'''

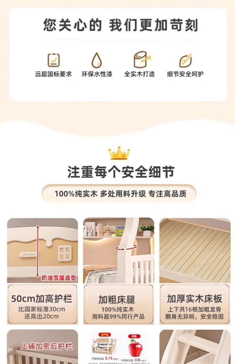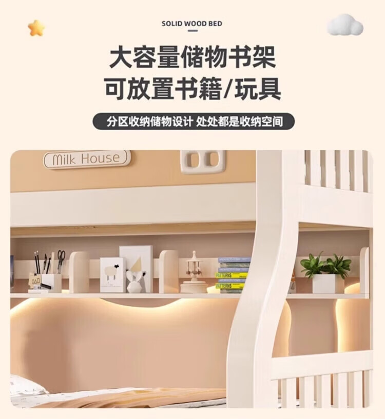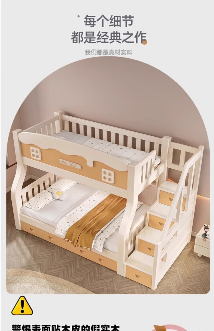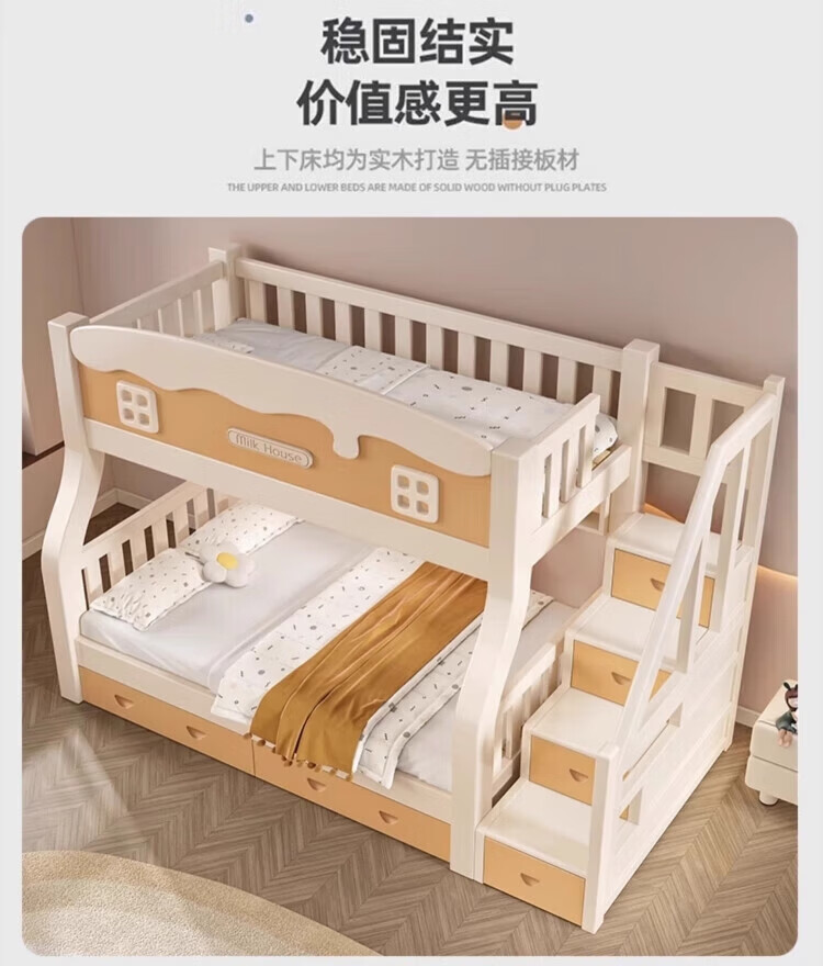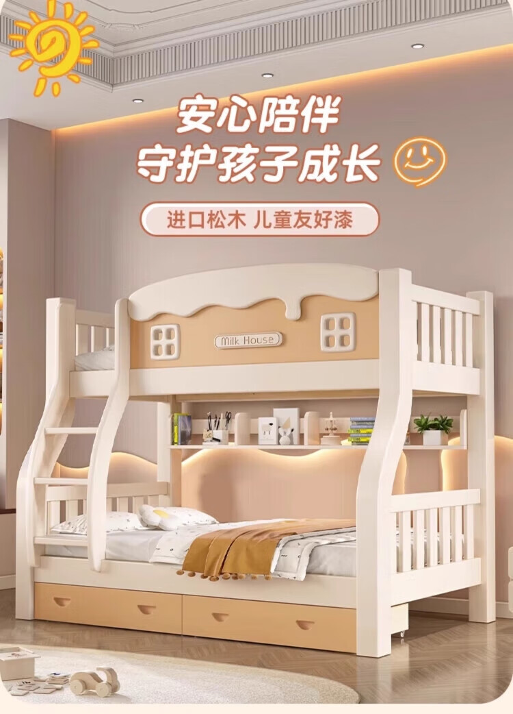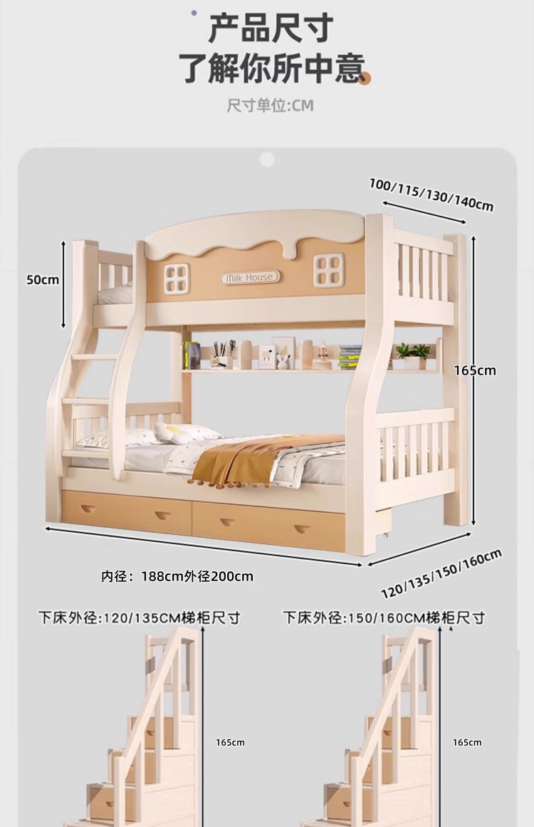 Leiyang all solid wood upper and lower bed, cream style cartoon bunk bed, small apartment multi-functional wooden bed double solid wood high and low bed, ladder cabinet upper 115 lower 135 bookshelf drawer mattress * 2 package installation
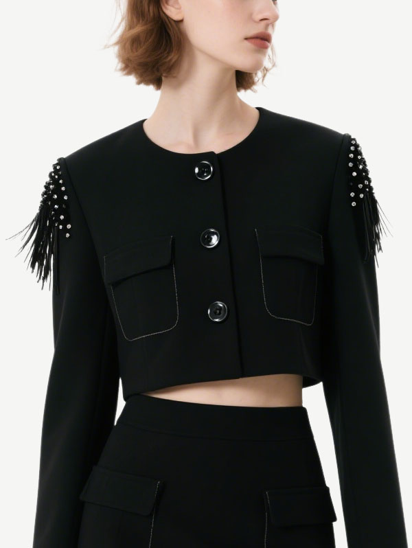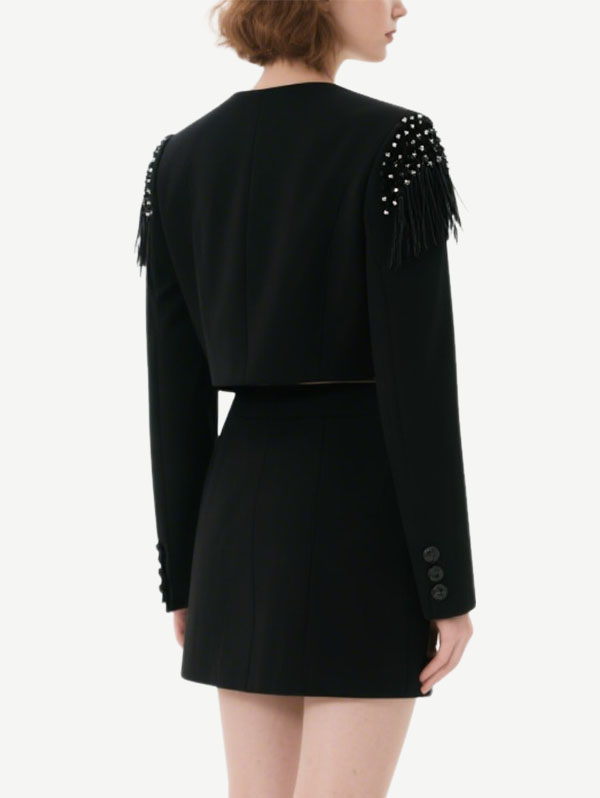 Be the first to review “Edgy Black Crop Suit Studded Fringe Shoulders, Mini Skirt”
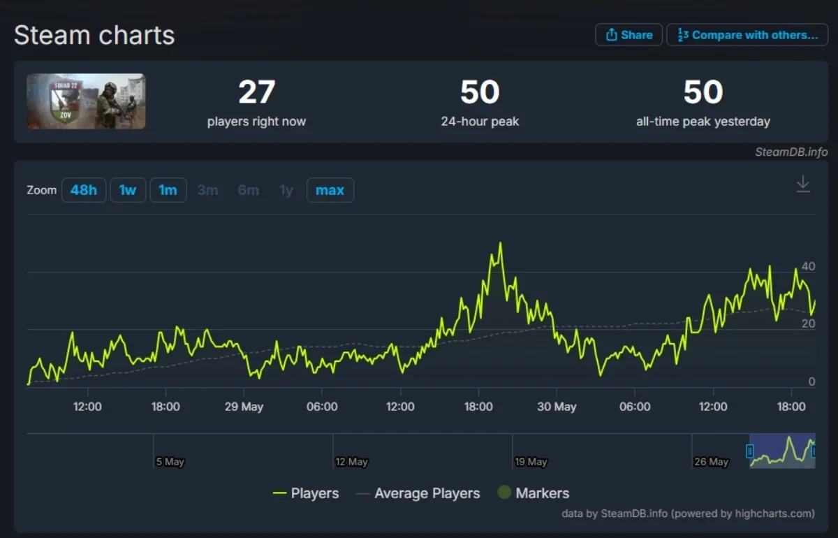 Изначально Squad 22 не была доступна в российском сегменте сервиса Valve. Но со временем появилась и здесь. По словам разработчиков, период модерации в Steam занял 1,5 месяца. Несмотря на многочисленные упоминания в медиа, онлайн тактики в пике составляет 50 игроков.

'''

Assignment:
Only the pictures are to be omitted; restate everything else above exactly.

Solution to the exercise:
 Leiyang all solid wood upper and lower bed, cream style cartoon bunk bed, small apartment multi-functional wooden bed double solid wood high and low bed, ladder cabinet upper 115 lower 135 bookshelf drawer mattress * 2 package installation
 Be the first to review “Edgy Black Crop Suit Studded Fringe Shoulders, Mini Skirt”
 Изначально Squad 22 не была доступна в российском сегменте сервиса Valve. Но со временем появилась и здесь. По словам разработчиков, период модерации в Steam занял 1,5 месяца. Несмотря на многочисленные упоминания в медиа, онлайн тактики в пике составляет 50 игроков.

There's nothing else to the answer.